File-based parallelism

Same assimilation algorithm, but now the transition and observations are done in parallel.

worker_ids = addprocs(4; exeflags="--project=$(Base.active_project())")
worker_ids_driver = vcat([1], worker_ids)
try
    @everywhere worker_ids_driver begin
        println("I am here")
        $worker_initial_imports
        function worker_transition(run_dir, k, t, t0, params, worker_id, num_workers)
            try
                local worker = ParallelWorker(num_workers, worker_id)
                local ensemble_path = joinpath(run_dir, "ensemble_$(k-1)_posterior")
                local ensemble = load_ensemble(ensemble_path)
                local tmp_filepath = joinpath(run_dir, "intermediate_trans_$(k-1)_to_$(k)")
                local output_filepath = joinpath(run_dir, "ensemble_$(k)_prior")
                local parallel_strategy = FileBasedPartial(output_filepath, tmp_filepath)
                local transitioner = Lorenz63Model(; params)
                local closer, num_completed = run_partial_operator(
                    parallel_strategy,
                    worker,
                    em -> transitioner(em, t, t0),
                    ensemble;
                    reset_state_keys=false,
                )
                if closer
                    @debug "Transition: closer did $num_completed"
                else
                    @debug "Transition: worker $worker_id did $num_completed"
                end
            catch e
                return e
            end
        end

        function worker_observer(run_dir, k, params, worker_id, num_workers)
            try
                local worker = ParallelWorker(num_workers, worker_id)
                local ensemble_path = joinpath(run_dir, "ensemble_$(k)_prior")
                local ensemble = load_ensemble(ensemble_path)
                local tmp_filepath = joinpath(run_dir, "intermediate_obs_$(k)")
                local output_filepath = joinpath(run_dir, "ensemble_$(k)_obs_prior")
                local parallel_strategy = FileBasedPartial(output_filepath, tmp_filepath)
                local transitioner = Lorenz63Model(; params)
                local observer = NoisyObserver(get_state_keys(transitioner); params)
                xor_seed!(observer, UInt64(worker_id * num_workers - 1))
                local closer, num_completed = run_partial_operator(
                    parallel_strategy, worker, observer, ensemble; reset_state_keys=false
                )
                if closer
                    @debug "Observer: closer did $num_completed"
                else
                    @debug "Observer: worker $worker_id did $num_completed"
                end
            catch e
                return e
            end
        end
    end

    for observer_type in [:sequential, :not_sequential]
        Random.seed!(0x3289745)
        xor_seed!(observer, UInt64(0x375ef928))

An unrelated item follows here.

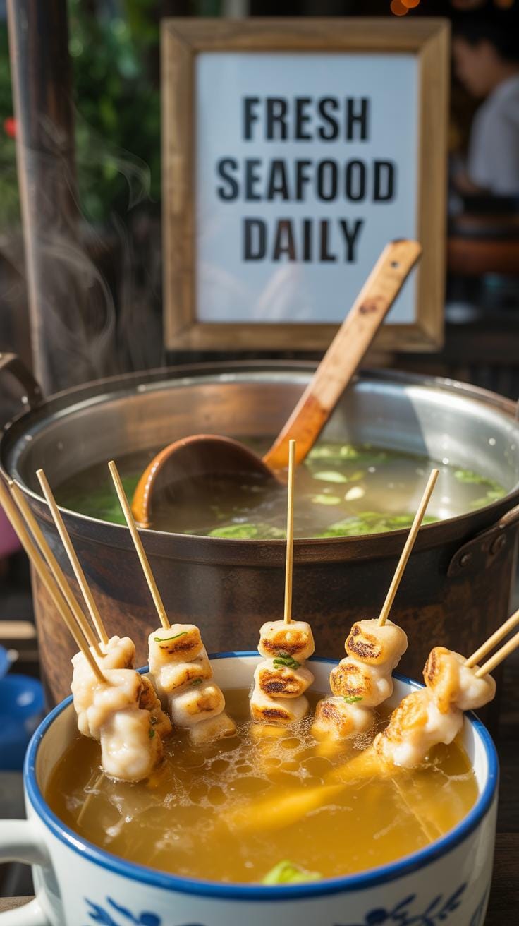 You’ll most commonly see eomuk served threaded onto wooden skewers, making it easy to eat while you wander. It’s usually dipped in a hot, clear broth that’s kept warming on the stall, so you can sip the soup alongside the fish cake. Some places serve it in a small paper cup filled with broth, turning the snack into a quick mini meal. Street vendors often add their own twist, sometimes offering spicy or soy-based sauces. There’s something about holding that warm skewer, maybe with a bit of the broth’s heat lingering, that makes fish cake a go-to comfort on Korean streets.

        run_dir = tempname("."; cleanup=false)
        @show run_dir
        mkpath(run_dir)
        save_ensemble(ensemble_initial, joinpath(run_dir, "ensemble_0_posterior"))

        logs = []
        ensembles = []
        @time_msg "Run ensemble parallel" let ensemble = ensemble_initial
            t0 = 0.0
            push!(ensembles, (; ensemble, t=t0))
            for (k, (t, y_obs)) in
                enumerate(zip(observation_times, ground_truth.observations))
                # Advance ensemble to time t.
                worker_tasks = []
                for (i, p) in enumerate(worker_ids)
                    task = remotecall(
                        Main.worker_transition,
                        p,
                        run_dir,
                        k,
                        t0,
                        t,
                        params,
                        i,
                        length(worker_ids),
                    )
                    push!(worker_tasks, task)
                end

                for task in worker_tasks
                    v = fetch(task)
                    isa(v, Exception) && throw(v)
                end
                Main.worker_transition(run_dir, k, t0, t, params, 1, 1)
                output_filepath = joinpath(run_dir, "ensemble_$(k)_prior")
                ensemble = load_ensemble(output_filepath)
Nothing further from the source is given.